Regeneron executives said in early November that the company plans to have enough doses for 80,000 patients by the end of November and 300,000 total doses by the end of January.
Trump received an infusion of Regeneron’s experimental drug, a cocktail of two antibodies, on October 2 after he was diagnosed with covid-19 and began showing symptoms. The drug was provided to him through a compassionate use program, also called expanded access, which allows people to obtain unapproved drugs. Chris Christie, the former Republican governor of New Jersey who also had covid-19, was given access to the drug Lilly, called bamlanivimab.
In tweets and videos after he was released from the hospital, Trump incorrectly described the Regeneron drug as a cure and lobbied the FDA to quickly authorize the drug. However, it took several weeks before the agency took action.
Monoclonal antibodies, which are made in laboratories, are proteins that mimic the immune system’s ability to attack the virus. Regeneron’s covid-19 drug is made in genetically modified hamster cells.
In a study published October 28 in the journal New England Journal of Medicine, the researchers said The Lilly cocktail lowered risk during follow-up medical visits and lowered virus levels in people with mild to moderate symptoms of COVID-19.

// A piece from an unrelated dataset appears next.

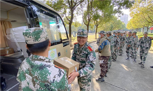 10月25日下午,户外露出 团委组织院级学生干部组成慰问团来到田径场,对户外露出 2020级军训新生进行慰问,并开展军训送水助力活动,旨在激励军训中的20级新生不畏风雨,磨练意志,挑战自我。

Progress in monoclonal antibodies occurs as pharmaceutical and biotech companies rush to produce coronavirus vaccines. Pfizer and Moderna could obtain emergency authorization for their vaccines before the end of the year; Pfizer applied for clearance from the FDA on Friday. But it will take months to vaccinate the population of the United States, and much more the world. Vaccines may not work for everyone. In any case, antibody treatments can play an important role in making the disease less dangerous.
However, if the pandemic continues, there will not be enough antibody treatments for everyone who could benefit from them. Unlike conventional pills, these drugs are synthesized by living organisms in specialized reactors, at a biological rate that cannot be rushed. There is a global struggle to find the capacity to make the drugs, and companies have entered into agreements with competitors to increase their manufacturing capabilities.
Through Operation Warp Speed in conjunction with the Trump administration’s effort to speed up treatments and vaccines, the government purchased 300,000 doses each from Lilly and Regeneron at a cost of around $ 1,250 and $ 1,500 per dose, respectively. with the option to buy hundreds of thousands more doses. However, this occurs as the nation approaches 200,000 new coronavirus cases each day.
But, in a sign of how quickly supplies could run out as the pandemic escalates across the country, 40 percent of Lilly’s bamlanivimab doses have already been allocated to states. In just two weeks, the US government has already assigned almost 120,000 of the 300,000 doses.
Due to the limited supply, the number of doses each state receives will be determined by the number of confirmed cases and hospitalizations in a given week, federal officials said.
In a recent communication, the Secretary of Health and Human ServicesAlex Azar said that antibody treatments have “the potential to save thousands of lives and significantly reduce the burden of disease on the health care system.”
It is unclear where the antibody drugs will be administered, particularly as patients will be contagious and the drug cannot be administered in established infusion clinics alongside patients with compromised immune systems.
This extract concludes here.